Rubinsteyn echoed the WUSTL researchers' comments that methods focused solely on identifying mutations using reference-based matching can lead to incorrect peptide sequences or missed opportunities for stronger-binding neoantigens. Vaxrank sidesteps this issue by focusing on tumor gene expression. Essentially, it assumes that "you only want to make vaccines against mutations that are highly expressed [and have] a lot of RNA evidence for the mutant protein getting made," he explained. That mutated transcript will include all of the expression for the mutation of interest, as well as variants close by. "What we do is take the whole bundle of reads that support a particular mutation and we overlap them to get a consensus sequence … which implicitly then also contains any germline and somatic variants," he explained.

One possible drawback of Vaxrank's approach is that it does not offer the same level of detail about individual variants that WUSTL's method does. "If you want to figure out which other mutations were phased with a particular somatic variant, you have to do extra work to reverse engineer that from this consensus sequence," Rubinsteyn said. "We just have a consensus sequence in the RNA that we know contains a mutation and may contain others. And then to find out what others are there, we have to do extra work."

In contrast, WUSTL's method looks for phasing at the DNA level, so "they can tell you immediately that these four mutations co-occur, of which one is germline and three are somatic," he said. "It gives you some extra information for free that we don't have in our method."

Vaxrank is being used in three cancer vaccine trials at the Icahn School of Medicine that focus on developing personal vaccines for patients with advanced non-hematologic malignancies, glioblastoma, and urothelial cancer.
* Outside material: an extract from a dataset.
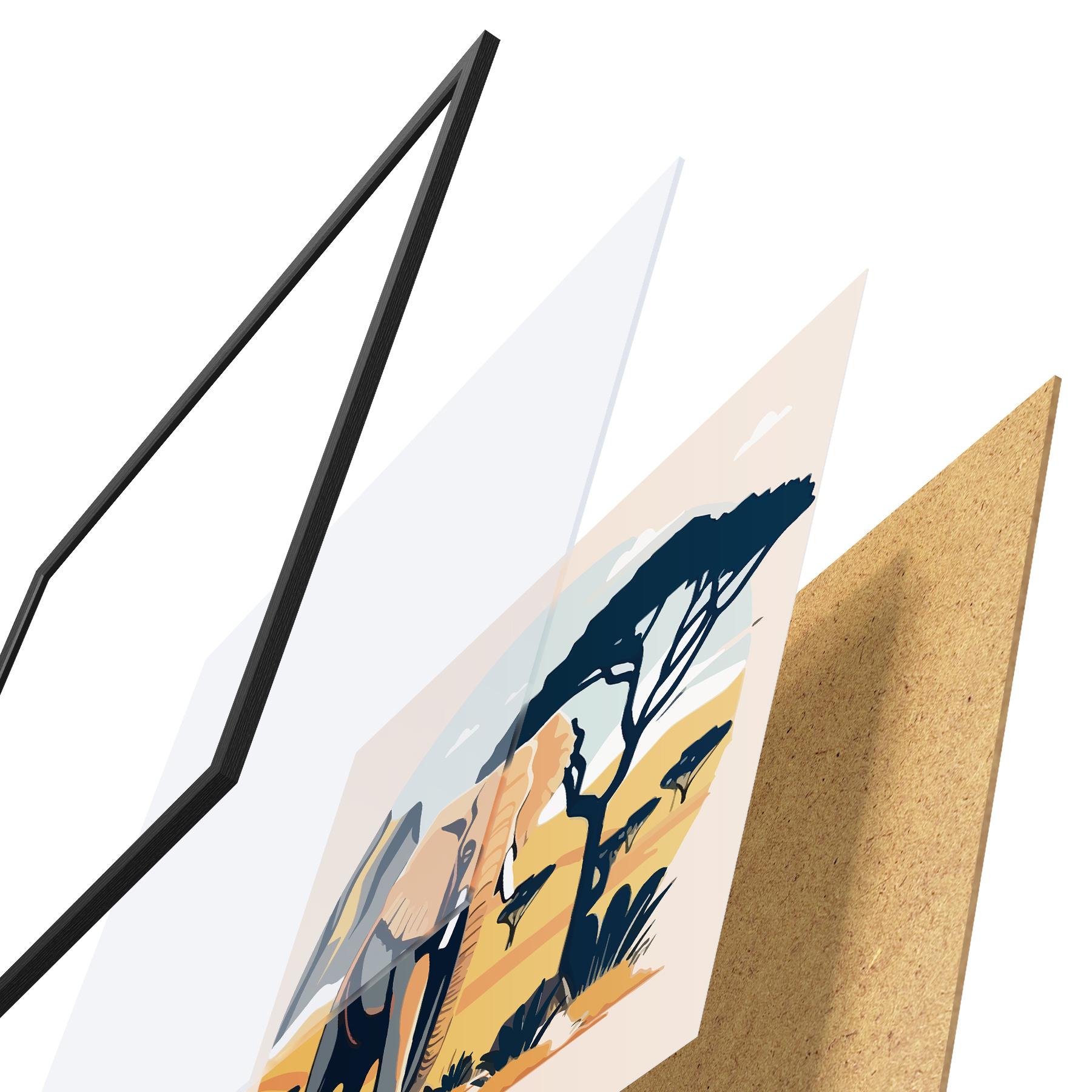 Plakatą sudaro rėmas, pleksiklas, atspausdintas vaizdas ir medžio drožlių plokštės pagrindas. Plakatą galima iš karto pakabinti ant sienos dėl kitoje pusėje esančių laikiklių.

Meanwhile, the WUSTL researchers have encapsulated their approach in a module that they are making available as part of the pVACtools suite. The updated pipeline follows the same process that existing tools do but includes an additional step where researchers consider sequences in the region around the candidate variants to see if there are any somatic or germline polymorphisms on the same allele that could potentially affect the selected peptide sequences. "If we find that they are within the window that matters for the size of peptide that we are trying to design for the vaccine, we correct the candidate peptide sequence to personalize it to that person's genome sequence," Griffith explained.

As part of their next steps, the researchers are prepping updated pipelines for use in current and future clinical trials at WUSTL, Griffith said. "These have to be very carefully documented and versioned so that they don’t change as rapidly as the version of the pipeline that's used in a research context," he said.  He expects that his team will be ready to deploy the patient-ready pipelines in the next three to six months.

The researchers are also exploring other avenues for improving tumor neoantigen prediction and characterization. For example, they are looking at exploring class II MHC interactions in tumor cells in greater depth and they want to find ways to incorporate data from expression levels of MHC molecules in tumors. "There's been a probably unjustified fixation on class I MHC interactions and CD8+ T-cell response and it is becoming increasingly obvious that CD4+ or class II MHC interactions are really important," Griffith said.

Furthermore, "we are not routinely looking for somatic mutations in the MHC loci of the tumors themselves," he noted. This has value, according to the results of at least one study performed last year by researchers from Memorial Sloan Kettering Cancer Center and elsewhere, which demonstrated that patients' human leukocyte antigen (HLA) genotypes influence how well they respond to immunotherapy. In that study, the researchers inferred the HLA genotypes from normal DNA. However, Griffith noted that these genotypes could have changed in the tumor sample, and this could be an important factor in selecting peptide candidate. "It will certainly be important to understand mechanisms of resistance to immunotherapies," he said.